Collected data entries:
________

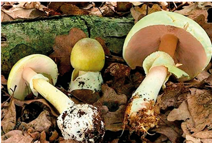
En la fotografía superior están mezcladas setas buenas y venenosas. ¿Cuál es buena? ¿Cuál es mala? ¿Son capaces de distinguirlas?

Y también es, cuando todos “los seteros”, animados por las diversas noticias que aparecen en los medios, se arman de sus diferentes herramientas y se lanzan a la captura de las codiciadas presas. Muchas veces con un ligero conocimiento de lo que van a bus-
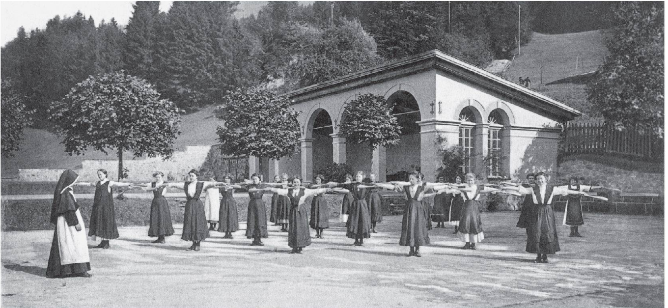
Turnunterricht im Theresianum Ingenbohl in der Frühzeit der Lehrerinnenausbildung.

oder in Gefängnissen ausgeübt. Die 1894 vom Papst offiziell anerkannte Kongregation gründete auch Missionen. Die erste Mission führte nach Indien (1894), es folgte eine Mission in China (1927–1945) und in Brasilien (1966). Auch während der beiden Weltkriege waren die Schwestern karitativ tätig. Sie richteten Lazarette ein, wo sie die verwundeten Soldaten beider Seiten pflegten. Es waren fünf Krankenstationen in der Schweiz, 122 in Böhmen, Ober- und Niederösterreich, Slawonien, Steiermark, Mähren, Baden, Tirol und Ungarn.
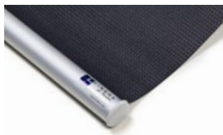
Bottenlist rund, aluminium Art.nr. R9010

För Lindhs Modell 565 kan vissa tillval göras vid beställning, såsom bottenlist i olika varianter.
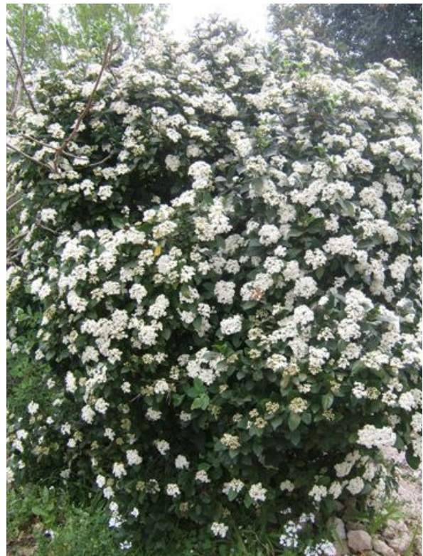
מורן החורש בפריחה לבנה

רבה בטיפוחו. אין בו דשאים, אך יש בו מינים רבים של עצים ושיחים. לא נדון בסוגיה מדוע הגן מזוהה על ידי הפרוטסטנטים כמקום קבורתו של ישו. מי שמעוניין יוכל להיכנס לאתר הגן http://www.gardentomb.com . נרמוז שהסיבה לכך היא שאין להם חלק בכנסיית הקבר... בגן מערת קבורה שתוארכה על ידי ארכיאולוגים לתקופת בית ראשון (מאות שנים לפני תקופתו של ישו). הפרוטסטנטים מאמינים כי זוהי המערה ששכנה בגנו של יוסף הרמתי תלמידו של ישו שבה נקבר. השנה חל יום התחייה של ישו בתאריך 12 באפריל, בשעות הבוקר המוקדמות ב - 6:30 מתמלא הגן מאמינים מזמרים, מחזה מרהיב עין. במקום שירותים נקיים וחנות מזכרות קטנה.
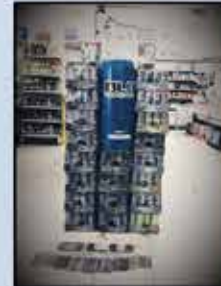
مخير أبو يوسف الناصرة
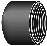
Filetage NPS * = filetage NPT
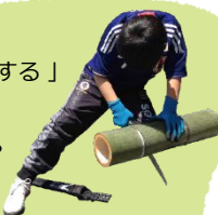
写真は田舎の遊び体験のイメージ

自分で野菜を育てて収穫する。季節ごとの土地の恵みを味わう。自然のもので雑巾や道具を作ってみる。こうした「自分で生活を作る面白さ」が里山暮らしの醍醐味です。ツアーでは、畑での野菜収穫や、竹を使ったモノ作りに挑戦します!
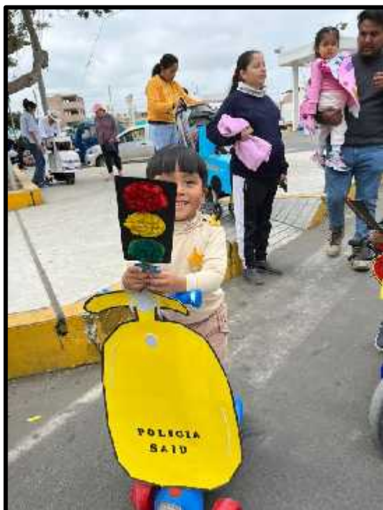
Imagen 27: Los estudiantes realizando su pasacalle.
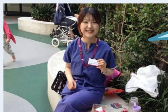
医学インターン (オーストラリア)
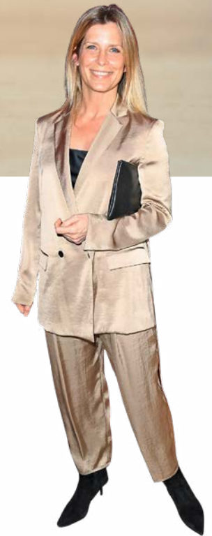
Schauspielerin und Moderatorin Valerie Niehaus beim Deutschen Hörfilmpreis (S. 88)
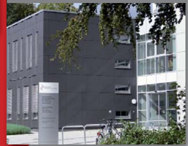
Bildungszentrum des Städtischen Krankenhauses Kiel
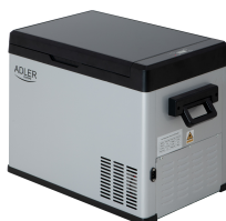
PORTABLE FRIDGE AD 8077
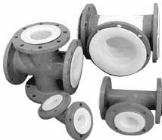
Рис. 1. Детали трубопроводов, футерованных фторопластом

Заводы продолжают осваивать новые виды продукции. В настоящее время они предлагают широкий набор таких инженеринговых услуг, как проектирование и изготовление химически стойких технологических линий, а также отдельных аппаратов, футерованных фторопластами в соответствии с требованиями заказчика: стальных скрубберов, реакторов, колонных аппаратов (ректификационных и других колонн), теплообменников; компоновка крупногабаритного емкостного оборудования из отдельных футе-
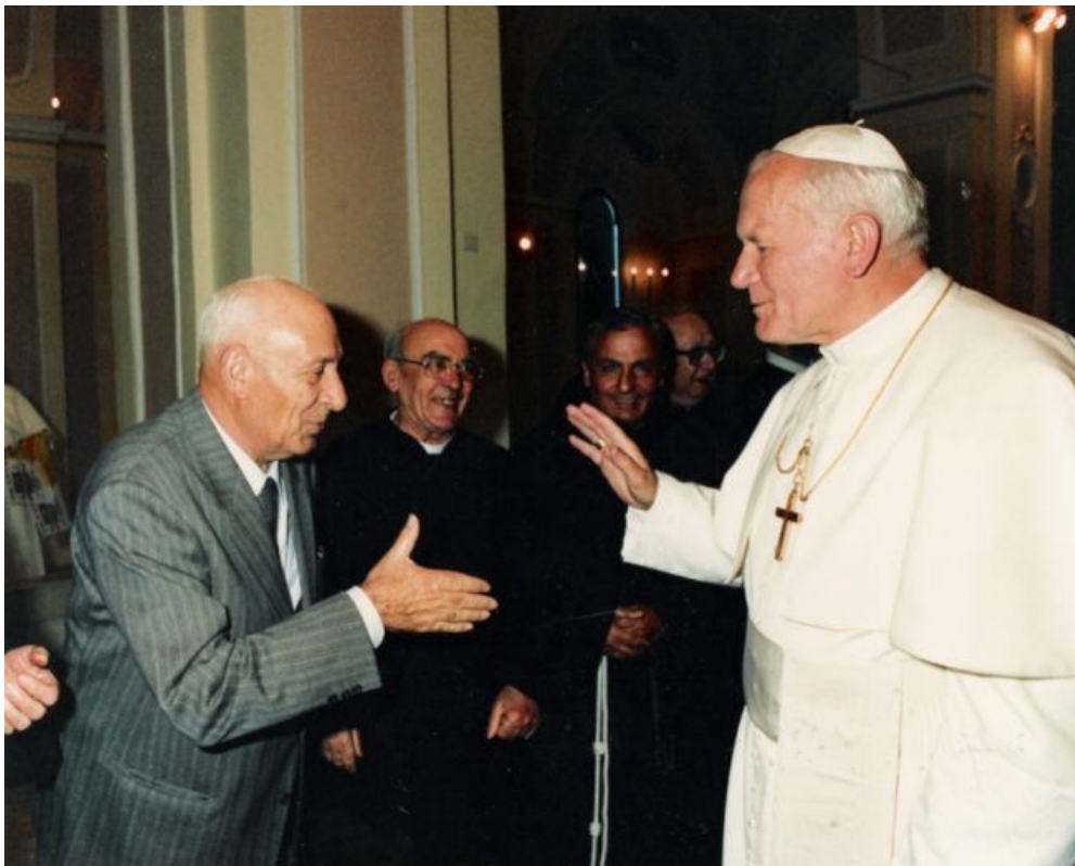
Don Potito Clemente, tra le due mani, e il Papa Giovanni Paolo II nella Cattedrale di Ascoli Satriano
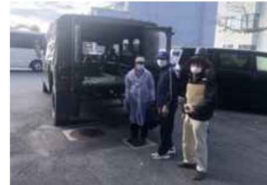
陸上自衛隊車両による避難
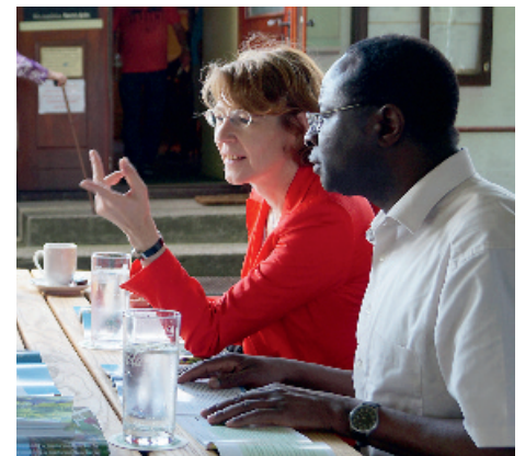
Mit MdB Karamba Diaby in Augsburg
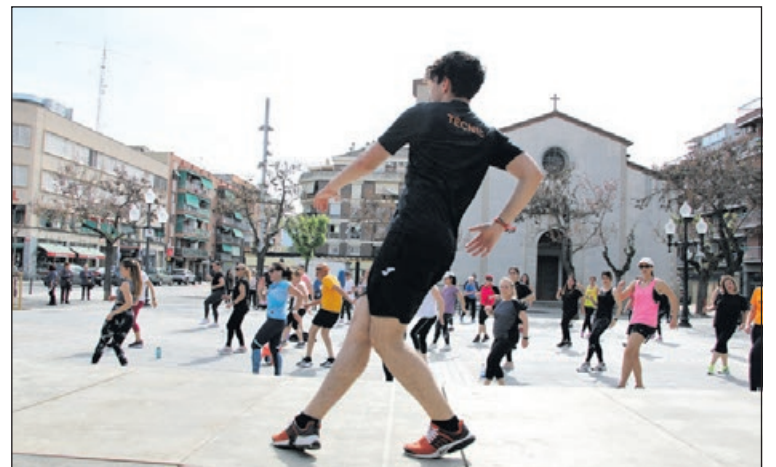
Una de les activitats del 6 d'abril a la plaça d'Antoni Baqué.

toni Baqué amb més d'una cinquantena de participants. El 7 d'abril, que era el Dia mundial de la salut, el CEM El Turó va celebrar, amb la col·laboració de la Regidoria d'Acció Esportiva, una caminada fins al Pla de Reixac de Montcada amb una trentena de persones. El recorregut va ser d'uns 8,5 quilòmetres. - J.L. Rodríguez
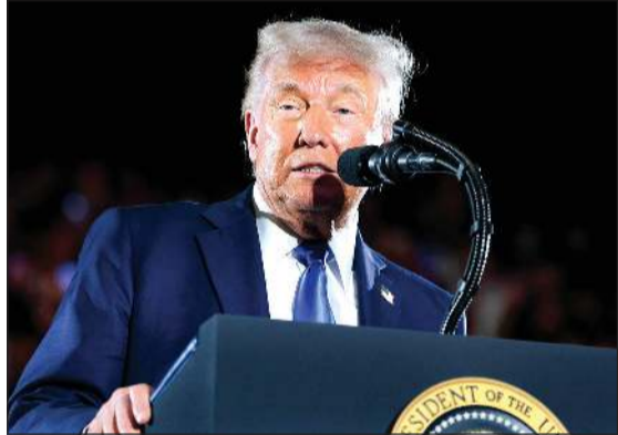
الرئيس الأميركي دونالد ترامب

الذي يقول إنه يمثل أساقفة الولاية في تعاملهم مع الحكومة، انتقادات لصورة نشرها ترامب على منصبه «تروث سوشيل»، مولدة بتقنية الذكاء الاصطناعي وهو يرتدي زي البابا، بعد أن كان قد مارح صحافيين في وقت سابق بأنه يود أن يكون البابا الكاثوليكي المقبل. ويظهر ترامب في الصورة بالرداء البابوي الأبيض بينما يشير بسببائه اليمنى نحو السماء.

________

Aim of the task
From the line containing "Mit MdB Karamba Diaby in Augsburg" through the line containing "الرئيس الأميركي دونالد ترامب", copy every line above exactly, without pictures.

Response to the task
Mit MdB Karamba Diaby in Augsburg
Una de les activitats del 6 d'abril a la plaça d'Antoni Baqué.

toni Baqué amb més d'una cinquantena de participants. El 7 d'abril, que era el Dia mundial de la salut, el CEM El Turó va celebrar, amb la col·laboració de la Regidoria d'Acció Esportiva, una caminada fins al Pla de Reixac de Montcada amb una trentena de persones. El recorregut va ser d'uns 8,5 quilòmetres. - J.L. Rodríguez
الرئيس الأميركي دونالد ترامب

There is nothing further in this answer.